Actually I like the N/A’s showing. I have a spreadsheet with thousands of rows for stock and etf symbols.  When I update sometimes a stock doesn’t update(several reasons should be causing it..delisting, merger with an another company,etc.). 

 

I have a sum function at the top of columns and if after I click EPF Update (I like it set to manual update) if a good value doesn’t appear in the sum cell I know there is a bad entry somewhere on one of the thousands of rows.
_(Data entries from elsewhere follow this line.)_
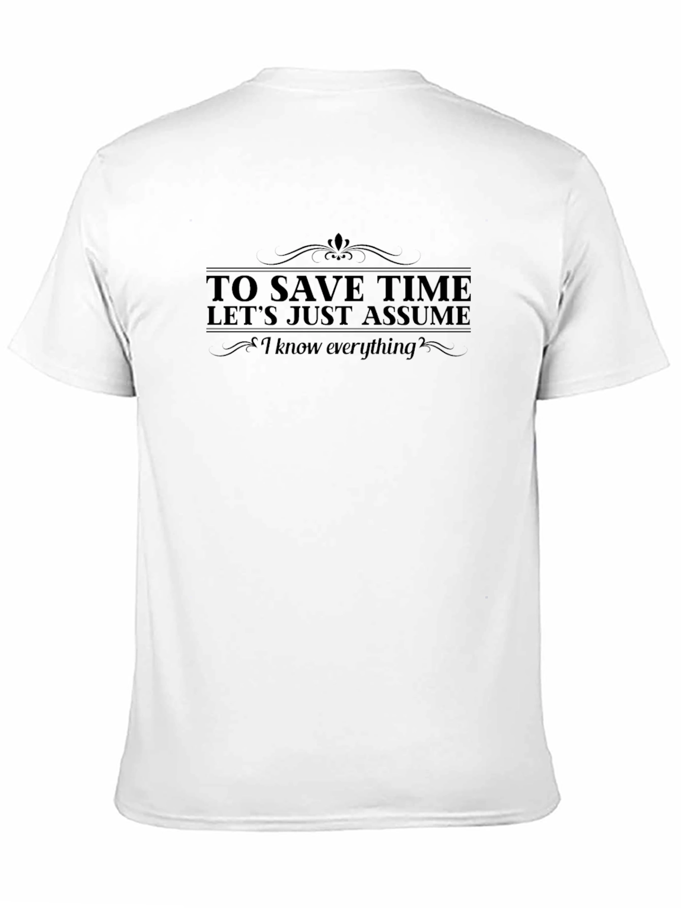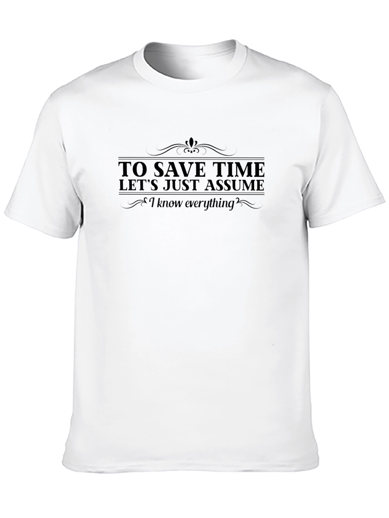 This black t-shirt features a humorous slogan: "To Save Time Let's Just Assume I Know Everything". The shirt is a classic crew neck style with short sleeves, made from what appears to be a soft, comfortable cotton blend. The dark print stands out subtly against the black fabric, giving it a sleek look. It's perfect for casual wear, parties, or as a quirky gift for the know-it-all in your life. Show off your sense of humor and make a statement with this unique t-shirt.
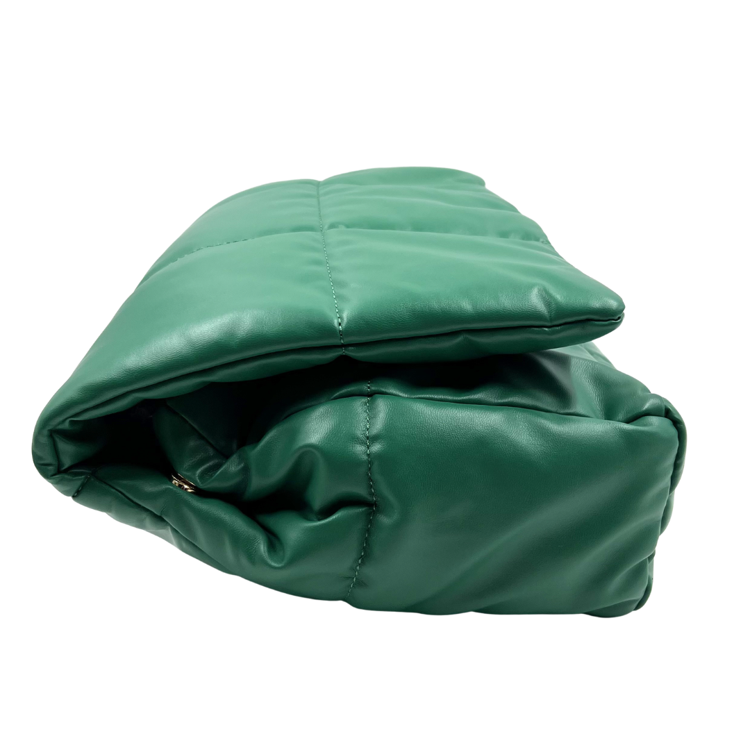This versatile two-way bag features a quilted nylon exterior in a rich green hue, paired with a durable canvas strap for comfortable carrying. The gold-toned hardware and secure magnetic button closure add refined touches to this practical piece.
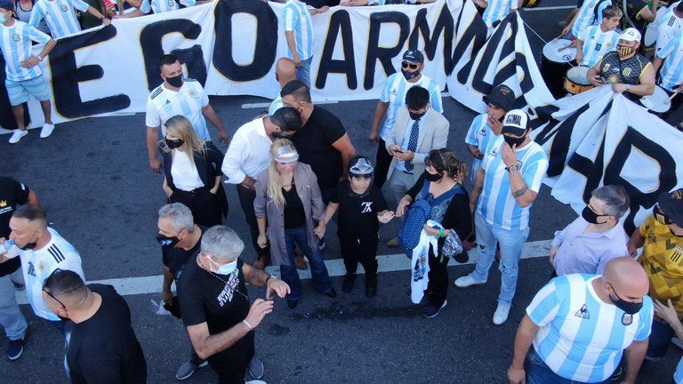 También participan de la movilización Verónica Ojeda, una de sus ex parejas, y Dieguito Fernando, otro de sus hijos.
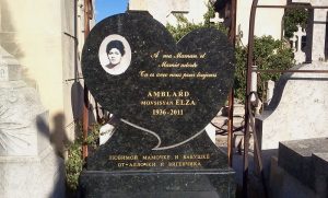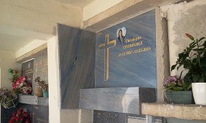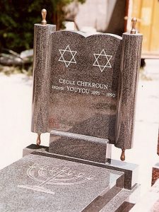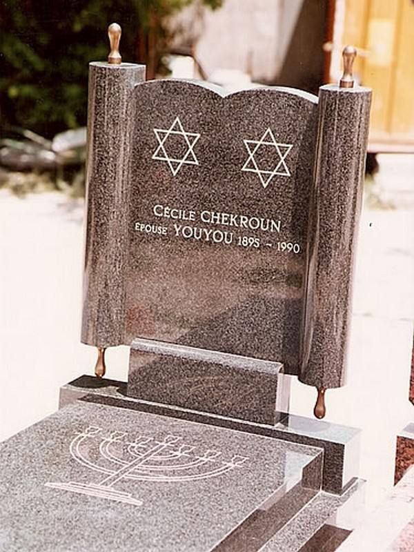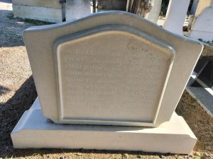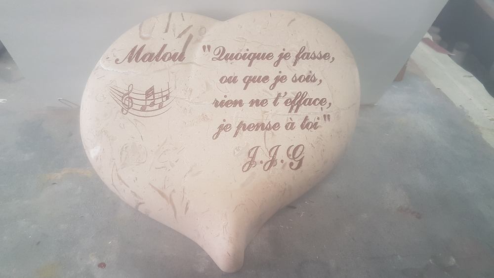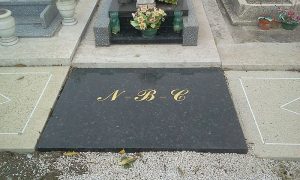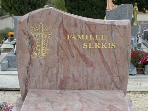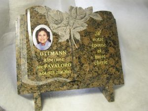 Monument en granit « FLAMINGO »avec ciselure des côtés de la stèle et lettres en bronze.
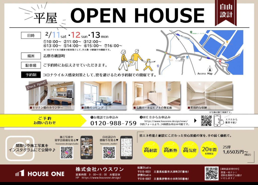 現在ハウスワンでは、『志摩市 磯部町』にて完成見学会を開催しております!
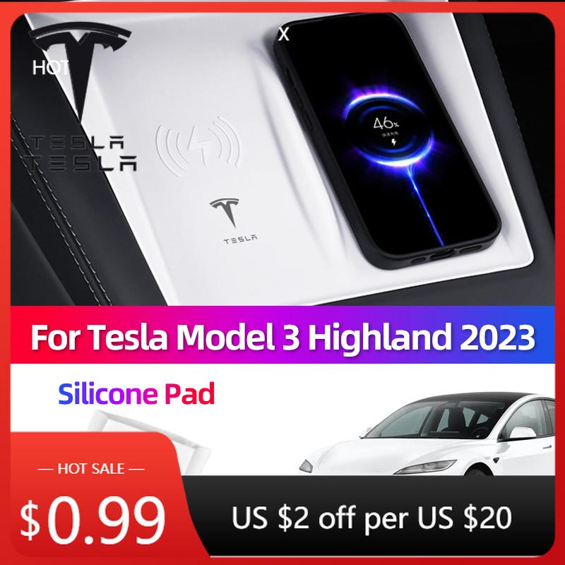 Autocollant de Voiture Pour Tesla Model 3 Y Juniper Highland 2023-2025 Rafraîchi Chargeur Sans Fil Pad en Silicone Console Centrale de Voiture Pad Antidérapant Voiture
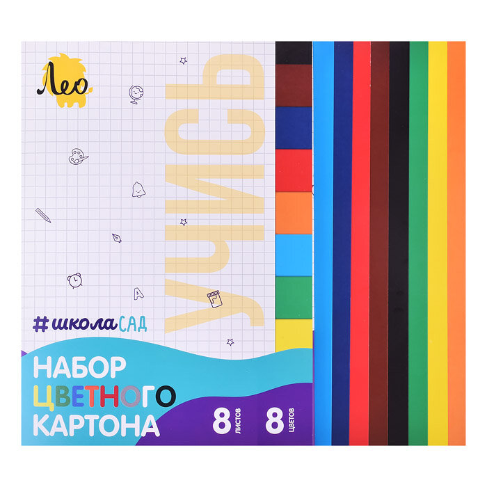 10 цен на "Лео" "ШколаСад" Набор цветного картона, мелованный LSCC-01 200 г/м2 A4- 20 х 28 см 8 л. 8 цв. .
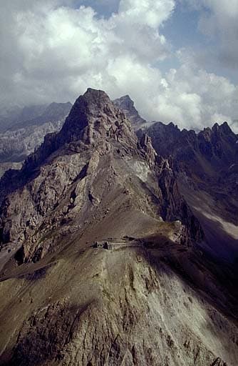 Vue aérienne prise du sud. Derrière, sommet de la Meyna.
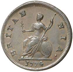 GEORGE III, first issue, farthing, 1773 (S.3775). Extremely fine.
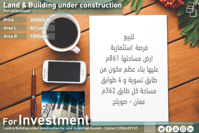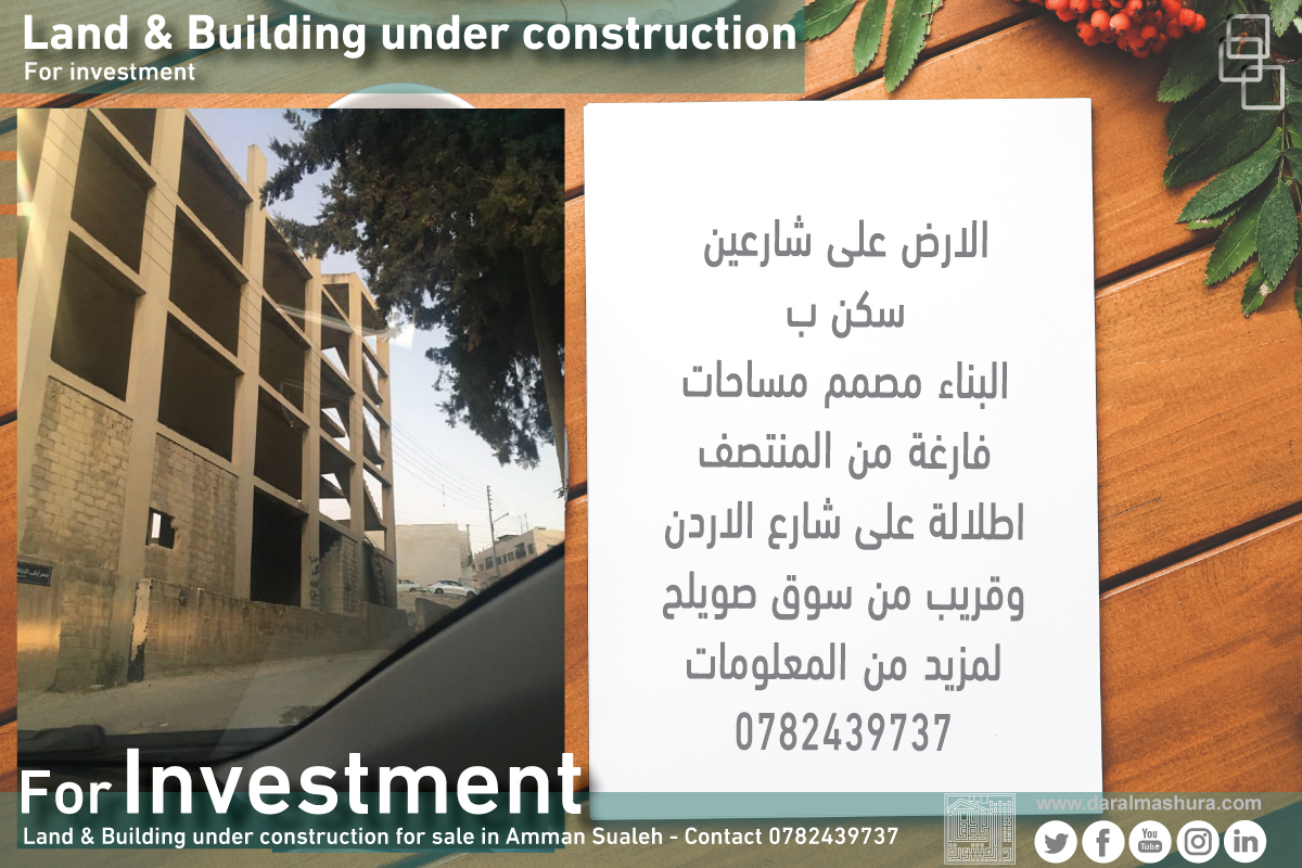 للاستثمار ارض مع عمارة عظم عمان صوليح
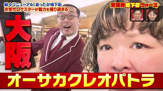なお、最新トレンドの宝庫だった難波の地下街は、11月17日に放送されたバラエティ番組『なるみ・岡村の過ぎるTV』(ABCテレビ)で紹介された。同放送回では「京阪神地下街ウォーズ」と題して、オーサカクレオパトラら次世代ロケスターたちが、関西の地下街の魅力をそれぞれ全力でリポートした。
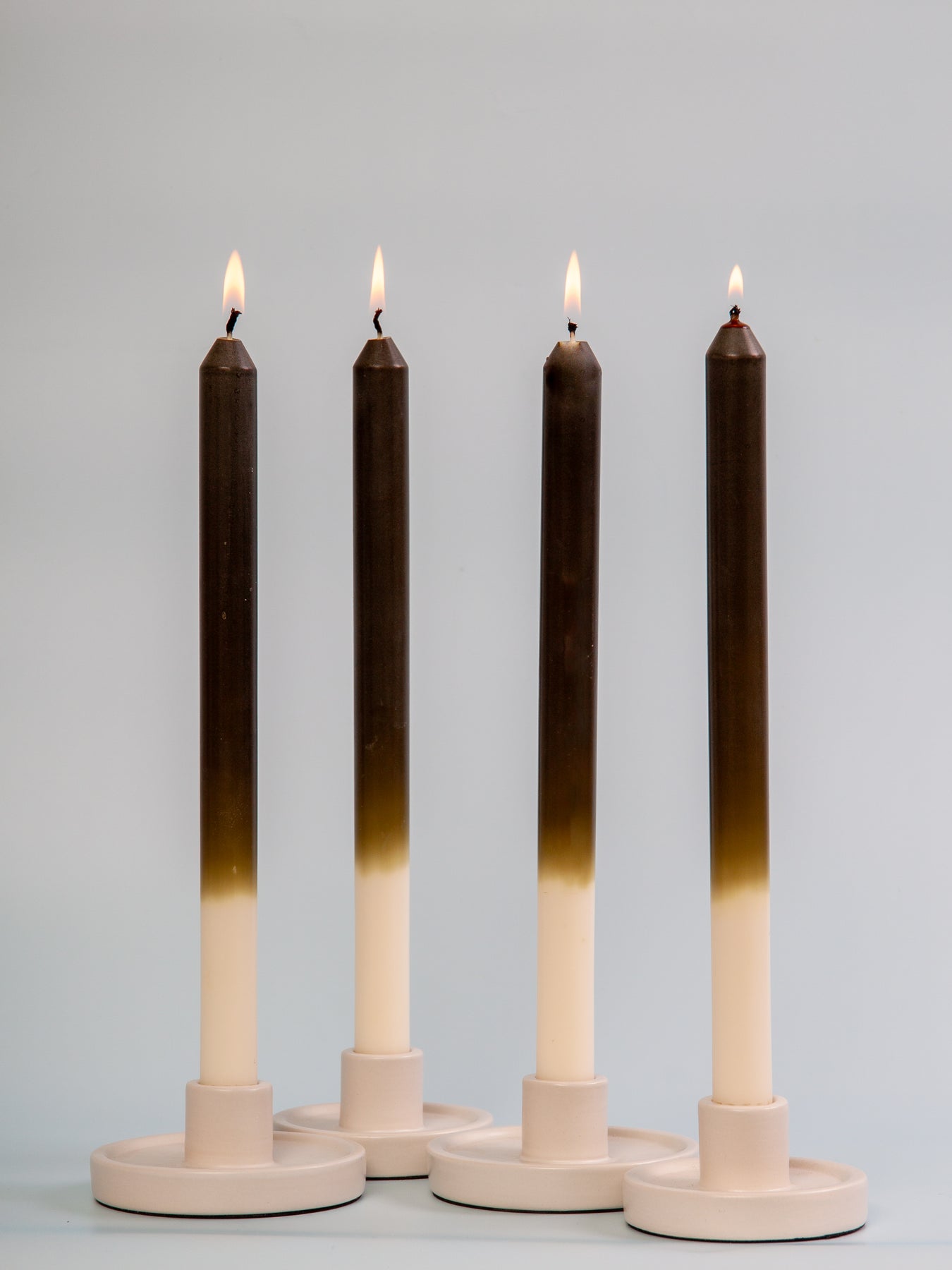 Each Ombre Dinner Candle is hand-poured and carefully over-dipped, allowing the top layer of colour to melt away, unveiling the base colour as it burns. This creates a beautiful, evolving gradient effect.

So, I simply filter based on N/A and that row (or rows) shows up by itself and I usually then just simply delete the row. The N/A result make it really easy to know if all value feeds from EPF came in.

 

So, for me at least the N/A showing up on update is really useful and would not want to see it changed.

 

My 2 cents worth.


On Sunday, October 19, 2025 at 12:42:38 PM UTC-4 esa...@gmail.com wrote:
I just started using EPF and like it - mostly.
It is much superior to native Excel stock functions.

I set updates to 2 min or 30 sec - but all my calculated cells show "N.A."  for 2 to 3 seconds while it updates.  I have so many calculated cells it really is annoying.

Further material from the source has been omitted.